Instructions to follow:
Only the lines from the start of the data to the line containing "艾尼 USB插座貓抓皮房間三件組 床頭+床墊+六分床底-雙人5尺/雙大6尺", both included, should be output, exactly and without pictures.

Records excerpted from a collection

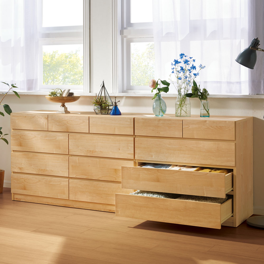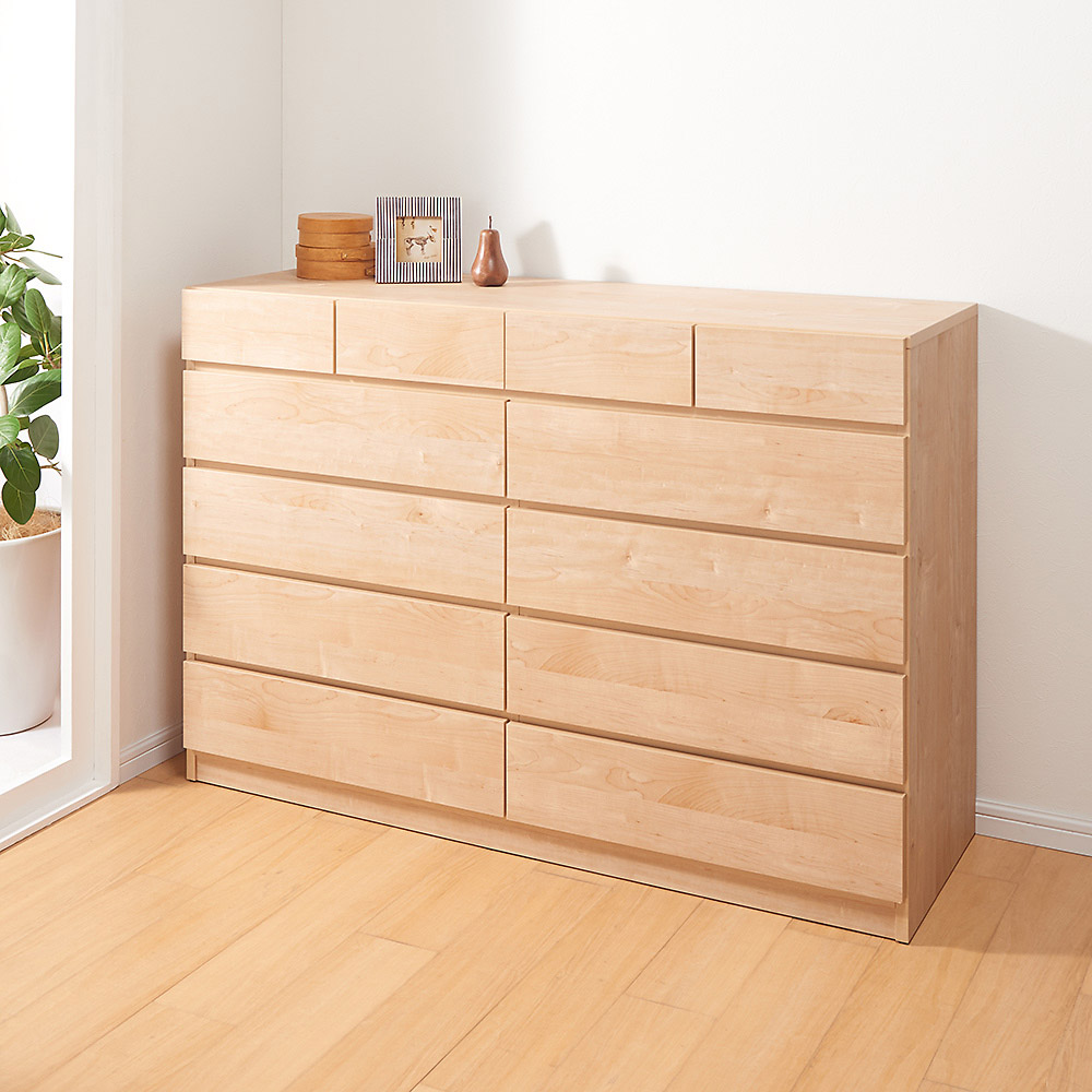 天板耐荷重50kgを実現!テレビも置ける、頑丈ワイドなパワフル収納。これ一台で、衣類から家電まで一か所にまとまる万能な収納力を誇ります。日本製ならではの丁寧な仕上げが光る収納家具を、お手頃価格で実現しました。重いものを載せてもOK!耐荷重50kgと頼れる強度!天板内部を強度がアップするハニカム(ハチの巣状の補強)構造にする事で、耐荷重約50kgが実現しました。テレビ等の家電類や、重たい荷物を載せても安心の頑丈さ。リビング収納、寝室、ダイニング、クローゼット収納と、置き場所を選ばずマルチに使えるチェストです。部屋や収納量に応じて選べる豊富なシリーズ展開幅は80cm、120cm、ワイドな140cmの3タイプ。高さは4段(高さ75.5cm)、5段(93.5cm)の2タイプからお選びいただけます。(詳しくは、下のシリーズ商品一覧をご確認ください)小引き出しには、下着類や雑貨類などこまごましたものの収納に最適。大引き出しには、たたみものの衣類もたっぷり収納できて便利。出し入れスムーズで使いやすい引き出し仕様引き出しはストッパー付きスライドレール仕様(小引出は除く)。たくさん衣類を収納しても引き出し開閉がスムーズにできます。ラフな素材感が心地よい北欧デザイン表面材には、まるでカフェのような素材感が美しいオーク調の木目シートを採用。落ちつきと味わい深さのある(ア)ブラウンと明るく開放感のある空間を演出する(イ)ナチュラルからお選びいただけます。丁寧な仕上げが光る、安心の国産家具日本の熟練の家具職人が、一点一点丁寧に仕上げております。長く使うものだから、細やかな製品精度にこだわってください。完成品でお届けするので、組み立て不要。届いたらすぐに使えるのが嬉しいポイントです。
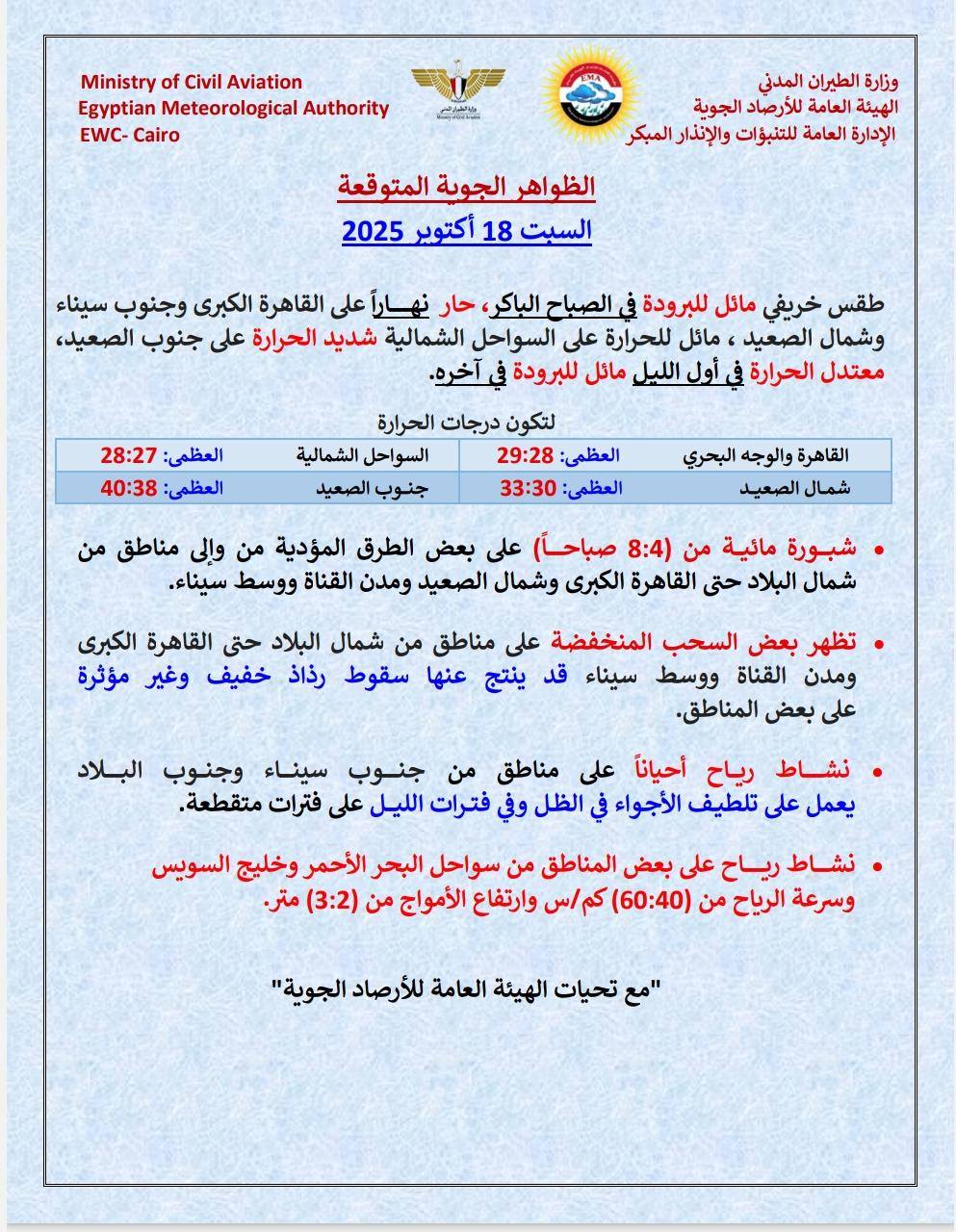 وعن الظواهر الجوية، وتسود شبورة مائية صباحًا على شمال البلاد حتى القاهرة الكبرى وشمال الصعيد على بعض الطرق الزراعية والسريعة والقريبة من المسطحات المائية، وتنشط رياح على مناطق من جنوب سيناء وجنوب البلاد على فترات متقطعة.
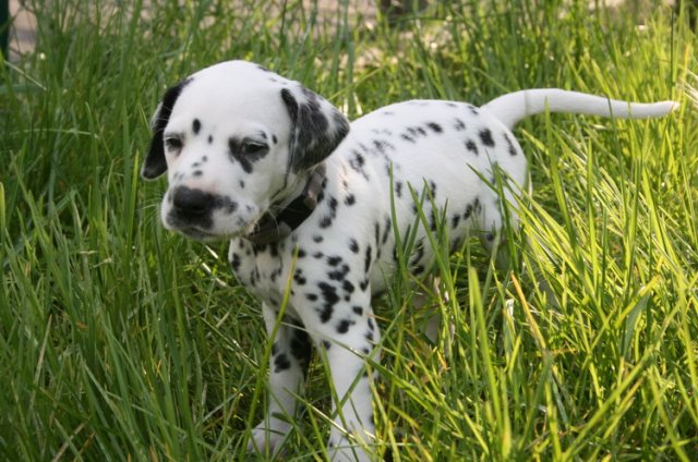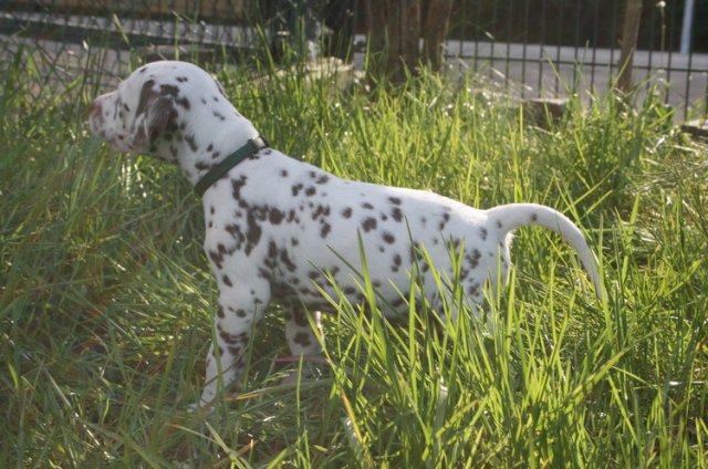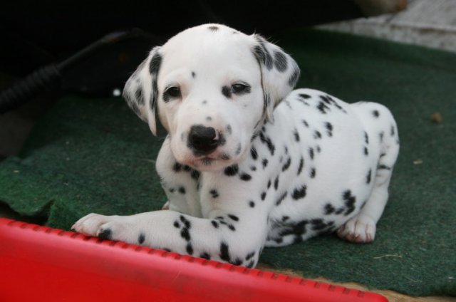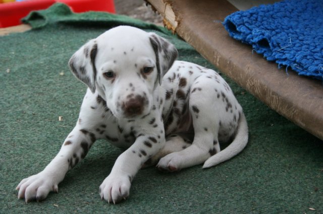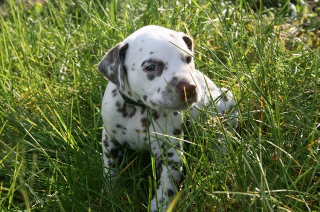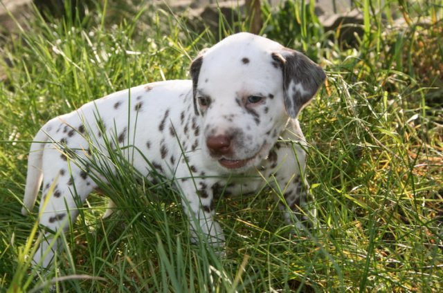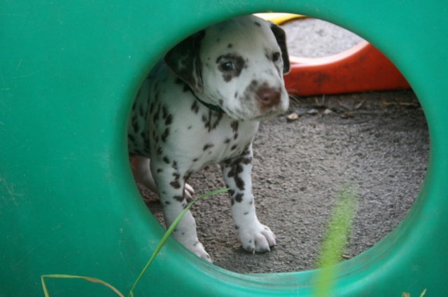 Eine Superwoche war unsere 5.Woche !!! Das Wetter ist toll und wir sind ins Welpenhaus umgezogen.Wir können drinnen und draußen spielen und toben und immer mehr gibt es zu entdecken !!!Wir hatten Besuch --auch von anderen Dalmis--es war wohl Verwandschaft von uns !!!--Wir werden bestimmt auch mal so groß!!-Dann hat unser Frauchen uns alle einzeln "getestet" wie sie sagt----danach hat sie uns alle abgeknutscht und gesagt,daß wir super hören !!!--Ja ,natürlich,wir wollen ja alles mitkriegen !!!! So,jetzt viel Spaß mit den neuen Fotos !!!
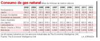 La demanda del gas natural en los 60 países cubiertos por los servicios industriales de EIU ha crecido 9.5% en los cuatro años anteriores y ese ritmo se acelerará durante los próximos cinco años, impulsado en gran parte por la demanda de India, el resto de Asia y Oriente Medio. Ante un control de emisiones de carbón que gana adeptos y petroprecios que permanecen al alza, la sustitución de gas natural en la generación de electricidad y calefacción gana velocidad, en particular en India y China.
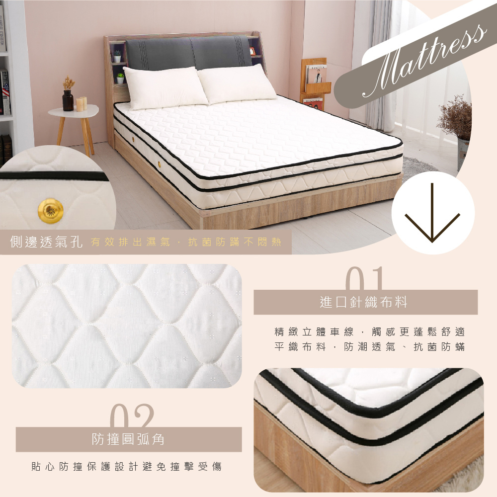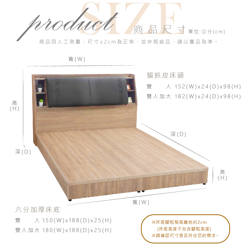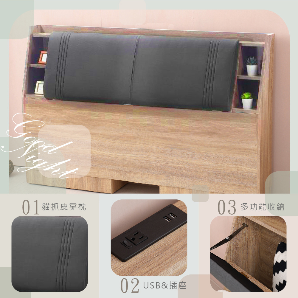 艾尼 USB插座貓抓皮房間三件組 床頭+床墊+六分床底-雙人5尺/雙大6尺
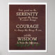 Rezar pela serenidade "Deus, me conceda serenidade para aceitar as coisas que não posso mudar, coragem para mudar as coisas que posso, e sabedoria para saber a diferença." Estas famosas palavras de Reinhold Niehbur pop contra um fundo de madeira castanho avermelhado. Poster motivacional acentuando Serenidade, Coragem e Sabedoria. Estas palavras inspiradoras na impressão são excelentes de se exibir como parte de conselhos visuais para o escritório e para casa. O poster é criado no layout do retrato, mas pode ser personalizado para ajustados de outros tamanhos.
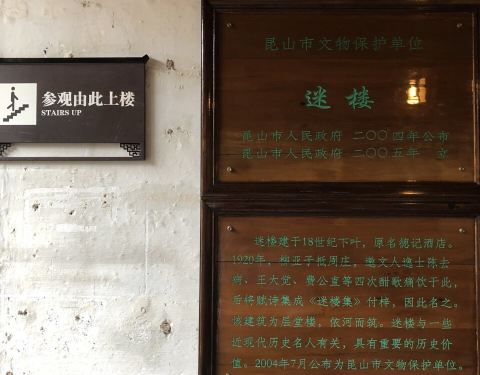 实用 风景宜人亦迷人”柳亚子赞扬水镇风光的迷楼了,在迷楼的大门口会有很大一块牌匾,里面很详细的介绍了...因为一句诗,一座楼而名扬天下,不仅仅有“先天下之忧而忧,后天下之乐而乐”范仲淹心怀天下的岳阳楼,也不只有“故人西辞黄鹤楼,烟花三月下扬州。”诗仙李白送别友人的黄鹤楼,在周庄古古镇也有“酒不醉人人自...因为一句诗,一座楼而名扬天下,不仅仅有“先天下之忧而忧,后天下之乐而乐”范仲淹心怀天下的岳阳楼,也不只有“故人西辞黄鹤楼,烟花三月下扬州。”诗仙李白送别友人的黄鹤楼,在周庄古古镇也有“酒不醉人人自醉,风景宜人亦迷人”柳亚子赞扬水镇风光的迷楼了,在迷楼的大门口会有很大一块牌匾,里面很详细的介绍了当年的柳亚子与迷楼的关系。而迷楼的具体的地理位置的话,是位于周庄景区的周边,如果由通秀桥检票口进入周庄景区即可直达景点,位于全福寺景点的后面,“蚬江渔唱”渔业馆的斜前方,花间堂的正前方,地理位置相对来说较为偏僻。迷楼并不是什么很大,是一座两层高的临河小楼,里面存放有一些文稿,没有多大的游玩价值,但是在二楼小楼上面可以欣赏到小桥的全景,大概游玩时间是在10分钟左右。而至于门票费用的话,迷楼不单独收取门票费用,包含在周庄景区的套票之中。据介绍,迷楼原本是一座德记酒店,古时候是专门提供餐饮的地方,整个酒楼整个是木质结构的,从外貌上来看还原保留了之前的风貌,整个酒楼显得较为精致小巧。一楼大厅基本上没有过多的摆设,可能也是因为一楼较为狭窄,如今里面只是用来存放一些文稿或者是记录文献,对于一般的游客来说着实较为无趣。通过一段木质楼梯即可上达二层,但是不得不说的就是楼梯一直摇摇缓缓的,感觉不是什么很安全。到达二楼之后,可以发现在迷楼的二层里面基本上是没有什么别致的东西,除去包房里面的雕塑,但是也不知道是木质的还是石制,倒是墙上挂了一些名人合影,文人古迹之类的,也是没有多大的游玩价值。在迷楼的第二层,还会摆设有一些较为古朴的椅子,但是似乎不允许使用,只是一个摆设物品。但是也不知道为什么在迷楼景点的话,也没有发现一个负责看管的工作人员,也许在周庄景区的话,也就只有沈厅、张厅等较为有名的景点需要查票了。不过不得不提的就是在迷楼二层的窗户,可以直接看到楼下的那一座不知名的古桥,河道里穿梭的小船以及河道对岸的街坊。勉勉强强算是一个可以值得拍照留恋的地方,如果感兴趣的朋友,可以选择在迷楼上拍摄在古桥上面的其他游客或者是朋友,也是不错的选择。而且在这里的话还可以观望到周庄水道里面的幽静以及对面酒楼的热闹嘈杂。在迷楼的二层的话,还有一件单独的房间,里面存放的几位文人墨客相聚畅谈的雕塑,至少从外表上看起来的话还是较为逼真的,颇有一番风味。

Exercise answer:
 天板耐荷重50kgを実現!テレビも置ける、頑丈ワイドなパワフル収納。これ一台で、衣類から家電まで一か所にまとまる万能な収納力を誇ります。日本製ならではの丁寧な仕上げが光る収納家具を、お手頃価格で実現しました。重いものを載せてもOK!耐荷重50kgと頼れる強度!天板内部を強度がアップするハニカム(ハチの巣状の補強)構造にする事で、耐荷重約50kgが実現しました。テレビ等の家電類や、重たい荷物を載せても安心の頑丈さ。リビング収納、寝室、ダイニング、クローゼット収納と、置き場所を選ばずマルチに使えるチェストです。部屋や収納量に応じて選べる豊富なシリーズ展開幅は80cm、120cm、ワイドな140cmの3タイプ。高さは4段(高さ75.5cm)、5段(93.5cm)の2タイプからお選びいただけます。(詳しくは、下のシリーズ商品一覧をご確認ください)小引き出しには、下着類や雑貨類などこまごましたものの収納に最適。大引き出しには、たたみものの衣類もたっぷり収納できて便利。出し入れスムーズで使いやすい引き出し仕様引き出しはストッパー付きスライドレール仕様(小引出は除く)。たくさん衣類を収納しても引き出し開閉がスムーズにできます。ラフな素材感が心地よい北欧デザイン表面材には、まるでカフェのような素材感が美しいオーク調の木目シートを採用。落ちつきと味わい深さのある(ア)ブラウンと明るく開放感のある空間を演出する(イ)ナチュラルからお選びいただけます。丁寧な仕上げが光る、安心の国産家具日本の熟練の家具職人が、一点一点丁寧に仕上げております。長く使うものだから、細やかな製品精度にこだわってください。完成品でお届けするので、組み立て不要。届いたらすぐに使えるのが嬉しいポイントです。
 وعن الظواهر الجوية، وتسود شبورة مائية صباحًا على شمال البلاد حتى القاهرة الكبرى وشمال الصعيد على بعض الطرق الزراعية والسريعة والقريبة من المسطحات المائية، وتنشط رياح على مناطق من جنوب سيناء وجنوب البلاد على فترات متقطعة.
 Eine Superwoche war unsere 5.Woche !!! Das Wetter ist toll und wir sind ins Welpenhaus umgezogen.Wir können drinnen und draußen spielen und toben und immer mehr gibt es zu entdecken !!!Wir hatten Besuch --auch von anderen Dalmis--es war wohl Verwandschaft von uns !!!--Wir werden bestimmt auch mal so groß!!-Dann hat unser Frauchen uns alle einzeln "getestet" wie sie sagt----danach hat sie uns alle abgeknutscht und gesagt,daß wir super hören !!!--Ja ,natürlich,wir wollen ja alles mitkriegen !!!! So,jetzt viel Spaß mit den neuen Fotos !!!
 La demanda del gas natural en los 60 países cubiertos por los servicios industriales de EIU ha crecido 9.5% en los cuatro años anteriores y ese ritmo se acelerará durante los próximos cinco años, impulsado en gran parte por la demanda de India, el resto de Asia y Oriente Medio. Ante un control de emisiones de carbón que gana adeptos y petroprecios que permanecen al alza, la sustitución de gas natural en la generación de electricidad y calefacción gana velocidad, en particular en India y China.
 艾尼 USB插座貓抓皮房間三件組 床頭+床墊+六分床底-雙人5尺/雙大6尺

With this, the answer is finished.